Le chef de la Sûreté, Dreyfus (Herbert Lom), est interné dans une institution psychiatrique. Le psychiâtre en charge du dossier sait bien quelle est la source et l'obsession du patient: sa haine viscérale, absolue, et maladive pour l'inspecteur Clouseau (Peter Sellers). Ce dernier a été nommé chef de la Sûreté à sa place, et alors que Dreyfus montrait de sérieux progrès dans son comportement, la visite de son successeur va précipiter une rechute. Evadé, Dreyfus va déclencher un bras de fer avec les autorités du monde entier, déclenchant un chantage terroriste dans lequel il exige la tête de l'inspecteur...

Cette fois, l'équipe a décidé de s'abstenir de faire la moindre référence au diamant du film de 1963. Désormais, l'appellation générique "The Pink Panther" étant systématiquement attribuée à tout film consacé à l'inspecteur Clouseau. La motivation principale, j'imagine, pour Sellers comme pour Edwards, c'est de capitaliser sur l'énorme succès de la suite parue en 1975 (The return of the Pink Panther), qui était un bon film d'ailleurs...

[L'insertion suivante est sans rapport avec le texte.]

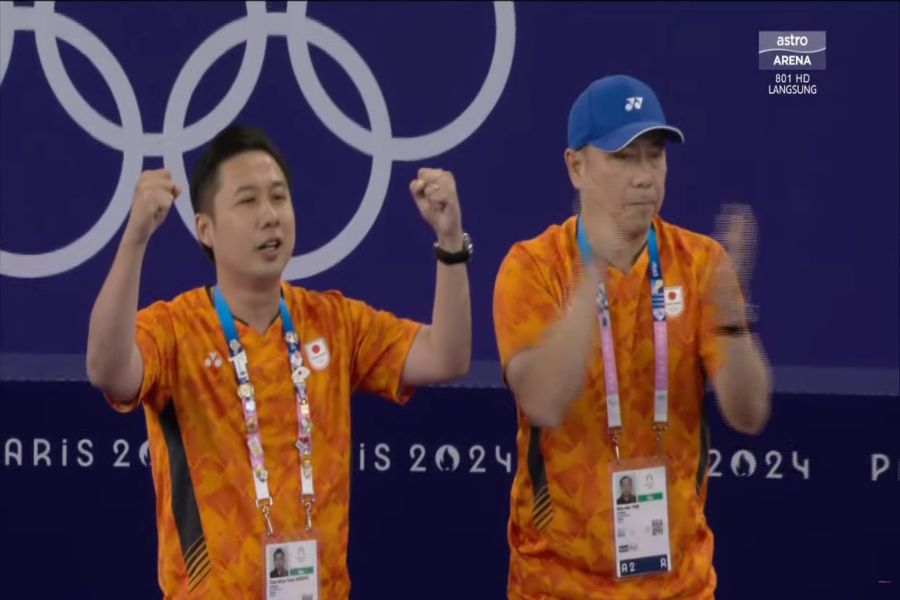 Jeremy Gan dan Tan Kim Her memainkan peranan penting sebagai jurulatih yang mengiringi kejayaan beregu campuran nombor satu Jepun, Yuta Watanabe-Arisa Higashino, memenangi pingat gangsa Sukan Olimpik Paris 2024, di Arena Porte de La Chapelle, sebentar tadi.

Mais le problème, c'est que le renouvellement de la franchise est totalement impossible. D'une part, Peter Sellers a fait évoluer, entre le deuxième (A shot in the dark) et le troisième film (Return), son personnage vers des traditions et routines qui se répètent avec insistance: les interventions intempestives du domestique Cato, les mauvaises prononciations absurdes des mots Room, Bomb, Bump (un humour verbal qui déjà n'était pas particulièrement drôle la première fois), d'autre part, Sellers se perd dans la tenation de tout délayer, au point où on s'impatiente... Et on sent que l'équipe est à la peine pour trouver des gags visuels, sans un script qui tienne la route. Parce qu'on sait ce qui va suivre (à savoir, pire, bien pire puis carrément le pire possible), on va se contenter de dire que ce film qui ne s'imposait nullement, est quand même pour le moins médiocre.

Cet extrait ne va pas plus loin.